**Source information:**
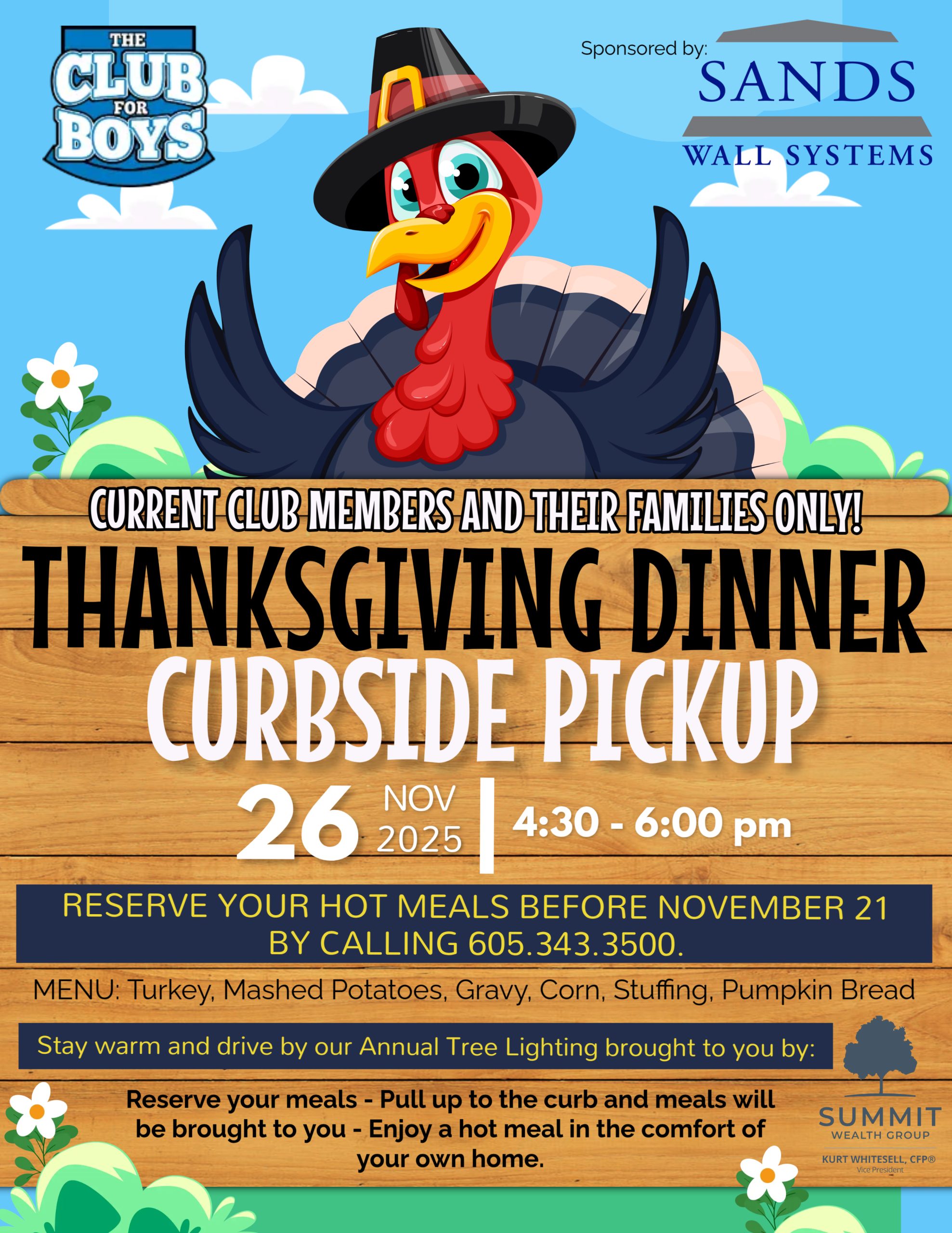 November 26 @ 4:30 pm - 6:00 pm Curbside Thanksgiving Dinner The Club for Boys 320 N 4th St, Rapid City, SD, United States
...
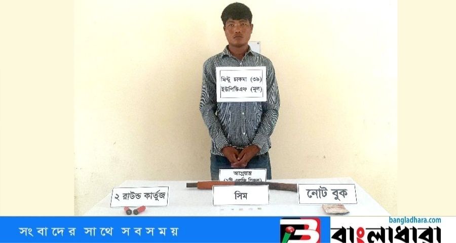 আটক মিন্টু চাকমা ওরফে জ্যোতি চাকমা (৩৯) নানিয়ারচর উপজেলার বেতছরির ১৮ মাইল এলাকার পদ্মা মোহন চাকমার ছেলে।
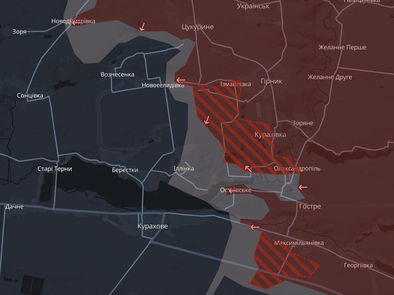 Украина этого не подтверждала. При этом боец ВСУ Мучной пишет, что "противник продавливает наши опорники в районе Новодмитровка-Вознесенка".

**Task directions:** Pictures excluded, reproduce only the part above that opens with the line holding "আটক মিন্টু চাকমা" and closes with the line holding "Украина этого не", exactly as written.

**Result for this exercise:**
 আটক মিন্টু চাকমা ওরফে জ্যোতি চাকমা (৩৯) নানিয়ারচর উপজেলার বেতছরির ১৮ মাইল এলাকার পদ্মা মোহন চাকমার ছেলে।
 Украина этого не подтверждала. При этом боец ВСУ Мучной пишет, что "противник продавливает наши опорники в районе Новодмитровка-Вознесенка".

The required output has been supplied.